Problem to solve:
The required answer is the run of lines from the one holding "她的身影与晚霞交融,长发飘飘,是海风中最动人的阳光亲和巨星画面" to the end of the data below, copied exactly and free of pictures.

Material to process:
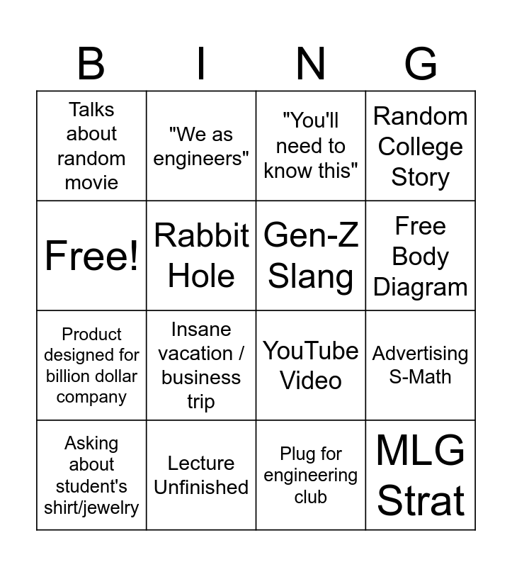 This bingo card has 16 words: Lecture Unfinished, Advertising S-Math, "You'll need to know this", Talks about random movie, Product designed for billion dollar company, "We as engineers", YouTube Video, Plug for engineering club, Free!, Rabbit Hole, Asking about student's shirt/jewelry, Random College Story, Insane vacation / business trip, Free Body Diagram, Gen-Z Slang and MLG Strat.
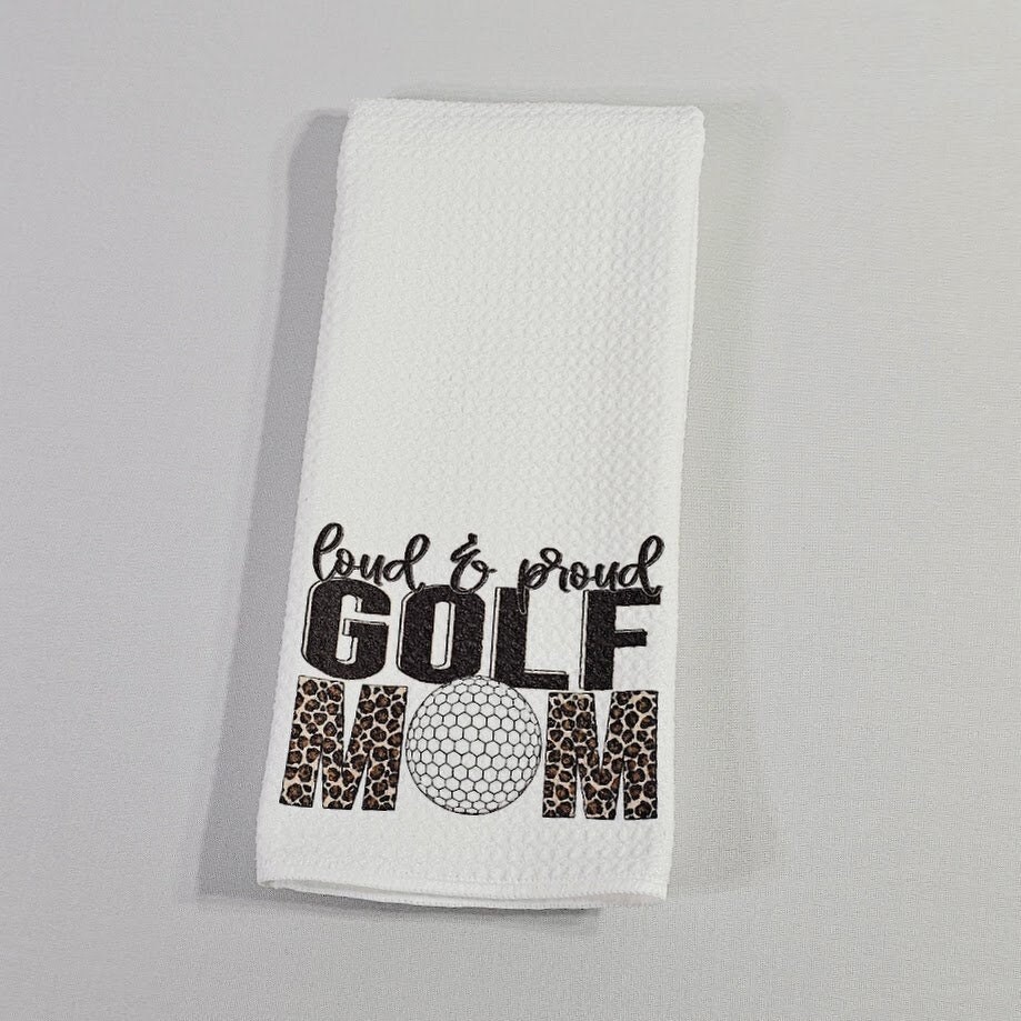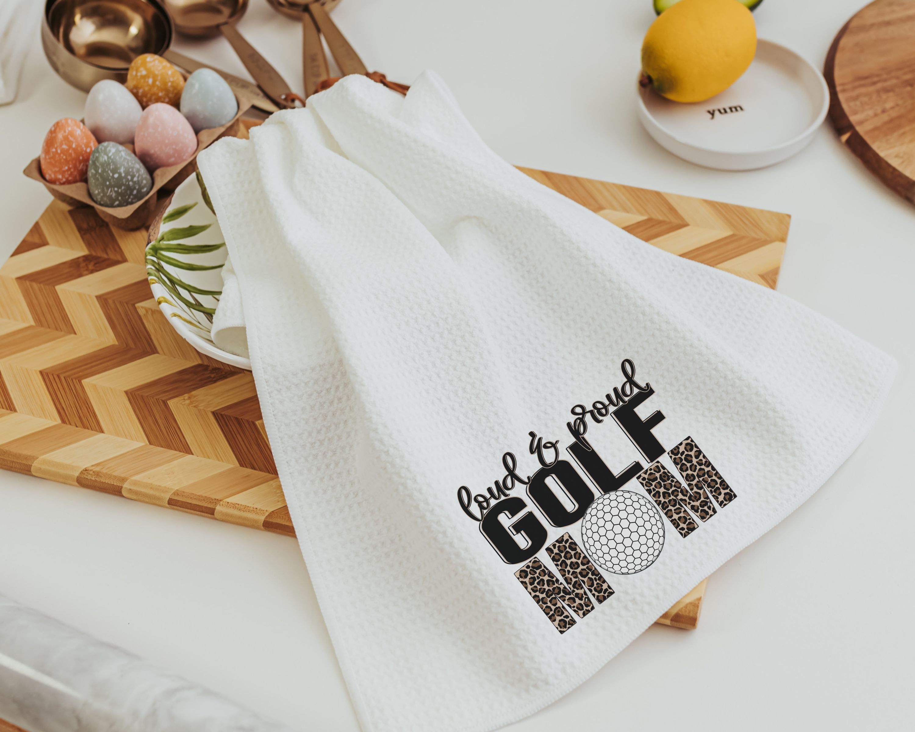 loud and proud golf kitchen towels, golf mom gift, leopard print golf towels for women, step mom Mothers day gift from son, golf hand towel
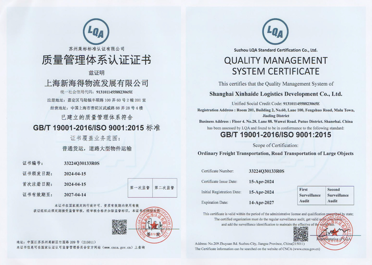 新海得物流嚴(yán)格按現(xiàn)代物流操作流程進(jìn)行標(biāo)準(zhǔn)化運(yùn)作。已通過國際質(zhì)量管理體系ISO9001:2015體系認(rèn)證。運(yùn)用健全的客戶服務(wù)管理系統(tǒng)、車輛管理系統(tǒng),財(cái)務(wù)管理系統(tǒng)。在查詢、監(jiān)控、追蹤、結(jié)算等方面與客戶做到無縫對(duì)接,打造了專業(yè)高效的客戶服務(wù)體系。
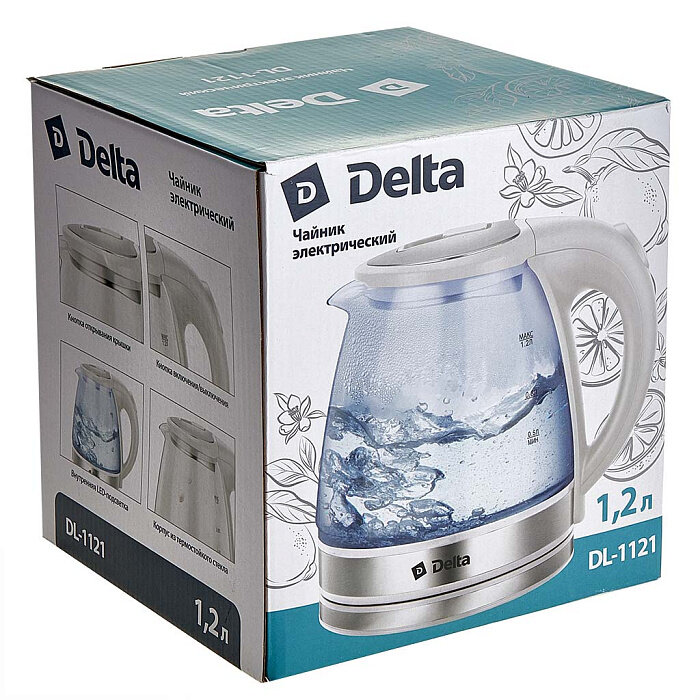Чайник Delta DL-1121 корпус из жаропрочного стекла, 1.2л, белый интересное:
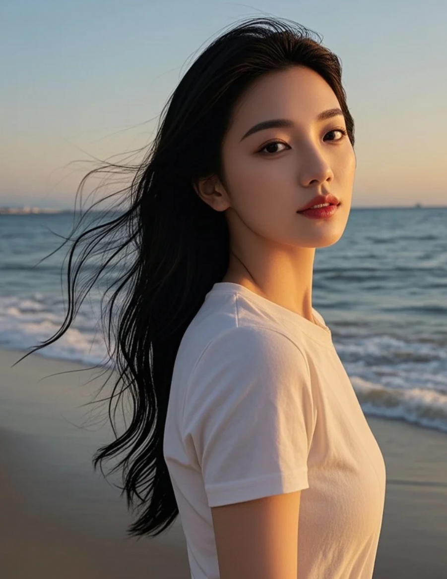 她的身影与晚霞交融,长发飘飘,是海风中最动人的阳光亲和巨星画面
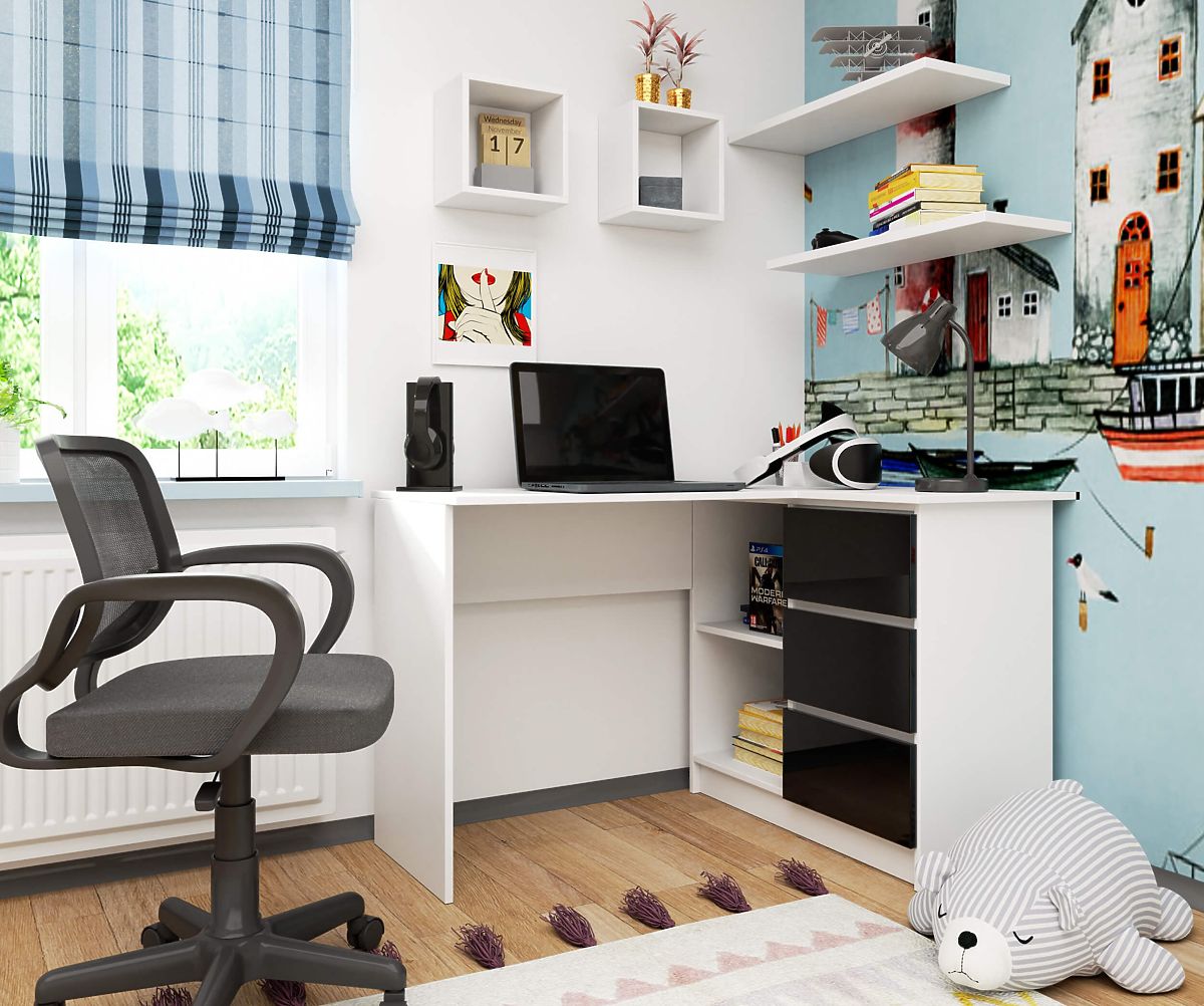 Za igralce, študente, ki iščejo prostor za študij, in odrasle, ki delajo od doma, je priporočljiva udobna računalniška miza s tremi predali. Konstrukcija pohištva je izdelana iz laminirane plošče debeline 16 mm, ki je zelo odporna proti obrabi. Čelne površine vrat so izdelane v akrilni tehnologiji, kar pomeni, da imajo najvišji standard sijaja med podobnim pohištvom. Zaradi prilagojenih dimenzij ima miza veliko kapaciteto za shranjevanje dodatnih dodatkov. Sistemi predalov so nameščeni na kovinskih valjčnih vodilih, ki se med delom ne zataknejo. Poleg tega so robovi mize zaščiteni z ABS robom, ki povečuje njihovo odpornost in odpornost proti mehanskim poškodbam. Proizvajalec ponuja pohištvo v različici za samostojno montažo, k naročenemu blagu je priložena jasna montažna navodila. Garancijska doba za naročeno kotno mizo je 24 mesecev od nakupa.

Reply to the task:
 她的身影与晚霞交融,长发飘飘,是海风中最动人的阳光亲和巨星画面
 Za igralce, študente, ki iščejo prostor za študij, in odrasle, ki delajo od doma, je priporočljiva udobna računalniška miza s tremi predali. Konstrukcija pohištva je izdelana iz laminirane plošče debeline 16 mm, ki je zelo odporna proti obrabi. Čelne površine vrat so izdelane v akrilni tehnologiji, kar pomeni, da imajo najvišji standard sijaja med podobnim pohištvom. Zaradi prilagojenih dimenzij ima miza veliko kapaciteto za shranjevanje dodatnih dodatkov. Sistemi predalov so nameščeni na kovinskih valjčnih vodilih, ki se med delom ne zataknejo. Poleg tega so robovi mize zaščiteni z ABS robom, ki povečuje njihovo odpornost in odpornost proti mehanskim poškodbam. Proizvajalec ponuja pohištvo v različici za samostojno montažo, k naročenemu blagu je priložena jasna montažna navodila. Garancijska doba za naročeno kotno mizo je 24 mesecev od nakupa.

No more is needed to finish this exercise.